» **What this task involves**:
In the entries below, begin at the line that has "Báo cáo Assignments", stop after the line that has "With your A-ROSA", and output those lines exactly with no pictures.

Source data

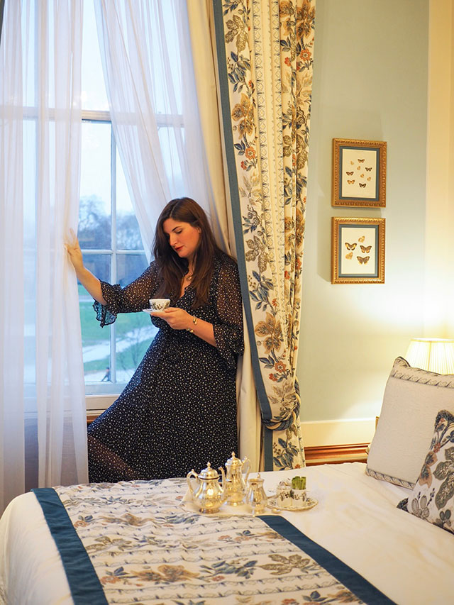 My suite at The Lanesborough was, well, it was magnificent. Hand painted wood panelled walls decorated the space from floor to ceiling. Televisions were hidden behind paintings, within sets of drawers and even within bathroom mirrors. This didn’t feel like entering a hotel room, this was like stepping into the sitting room of a wealthy Duke and Duchess. I felt myself looking around corners, wondering when the real owners of this space would come home and find me lurking in their bathroom, wearing their plush robes and preparing a bath using their heavenly scented salts. Alas, the only interruption I had that afternoon was my butler bringing in a tea service to calm me after my extensive travels. I didn’t have the heart to tell her I’d come from only two miles away. Bless her. I must have look exhausted. The American accent is also always misleading.
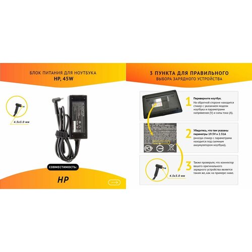Power unit / Блок питания для ноутбука HP 19.5V, 2.31A, 45W, 4.5x3.0 без кабеля
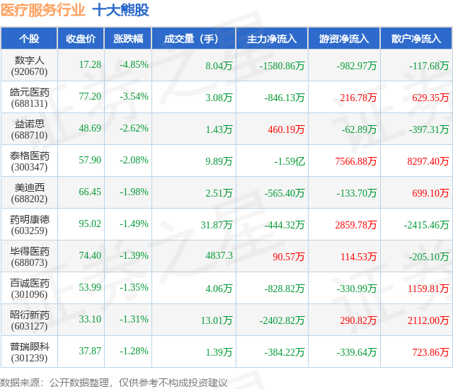 个股表现方面,医疗服务行业当日领跌股为数字人(920670),该股当日报收17.28,下跌4.85%,成交量8.04万,主力资金净流出1580.86万元。皓元医药(688131)以下跌3.54%紧随其后,该股当日成交量3.08万,主力资金净流出846.13万元。除此之外,益诺思(688710)、泰格医药(300347)、美迪西(688202)均进入当日熊股之列。具体个股列表见下表:
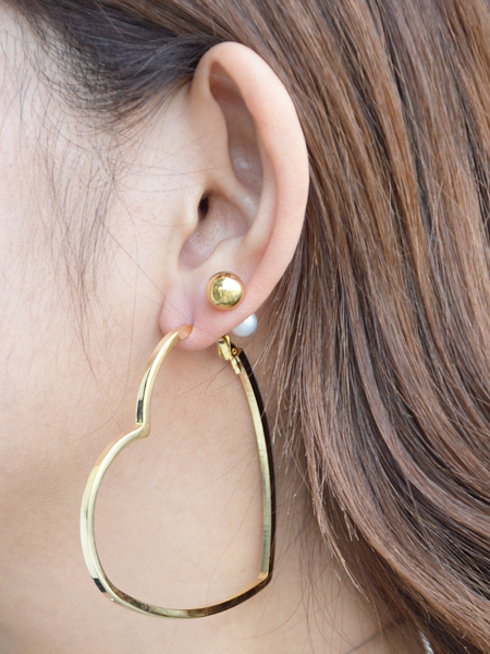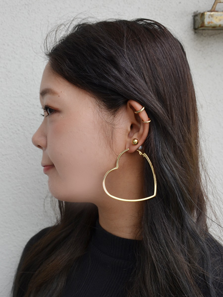 くり抜かれたハート型が可愛いこちらのピアスは細めのフレームで華奢なデザイン。
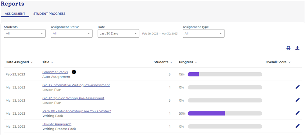 Báo cáo Assignments cho biết các bài học đã giao cho HS; Tiến độ hoàn thành; Điểm số nếu đã được chấm.
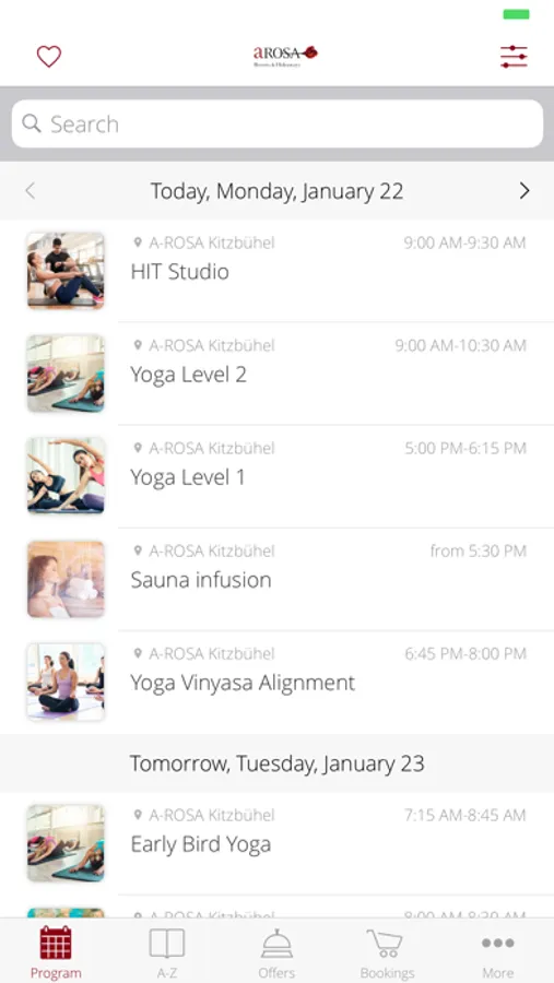 With your A-ROSA Resorts app you can conveniently access all current information about your A-ROSA resort at any time. Learn more about our comprehensive range of sports facilities and the numerous activities and events that take place in the most beautiful regions. We will keep you up to date, so that you won’t miss a yoga class or wine event and will stay informed about our wellness offerings at the A-ROSA resorts.
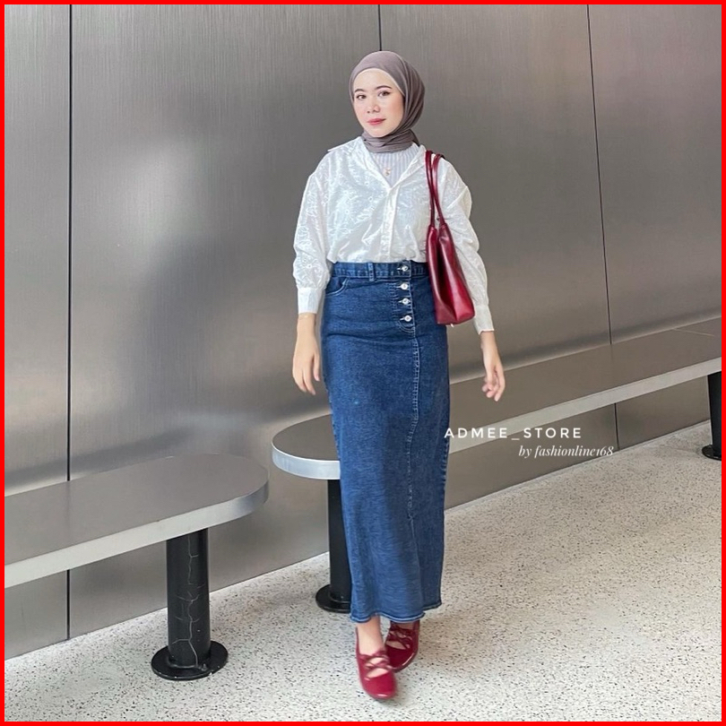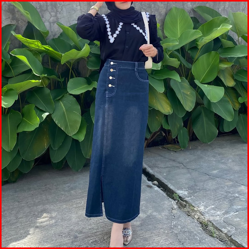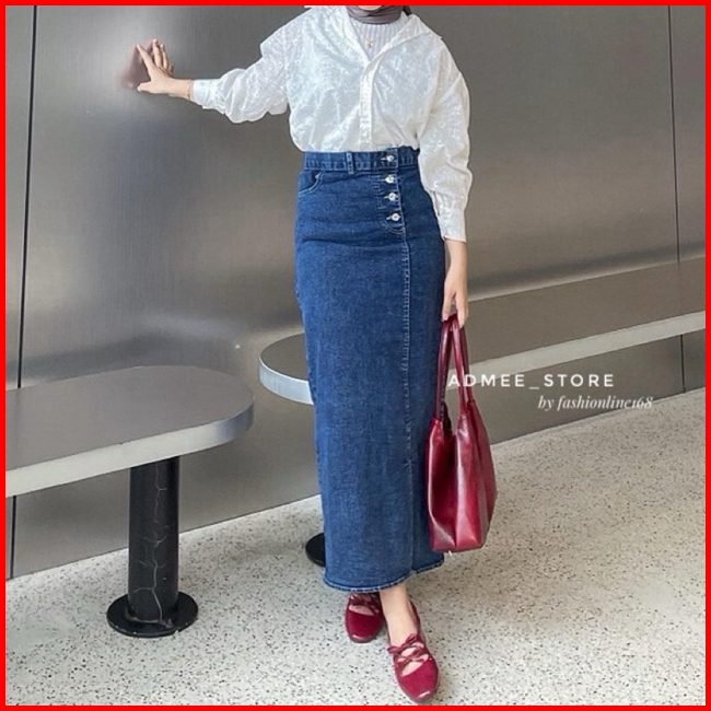 Fashionline Rok Jeans Skirt Belah Samping Rok Kancing Samping Kamila

» **Finished task**:
 Báo cáo Assignments cho biết các bài học đã giao cho HS; Tiến độ hoàn thành; Điểm số nếu đã được chấm.
 With your A-ROSA Resorts app you can conveniently access all current information about your A-ROSA resort at any time. Learn more about our comprehensive range of sports facilities and the numerous activities and events that take place in the most beautiful regions. We will keep you up to date, so that you won’t miss a yoga class or wine event and will stay informed about our wellness offerings at the A-ROSA resorts.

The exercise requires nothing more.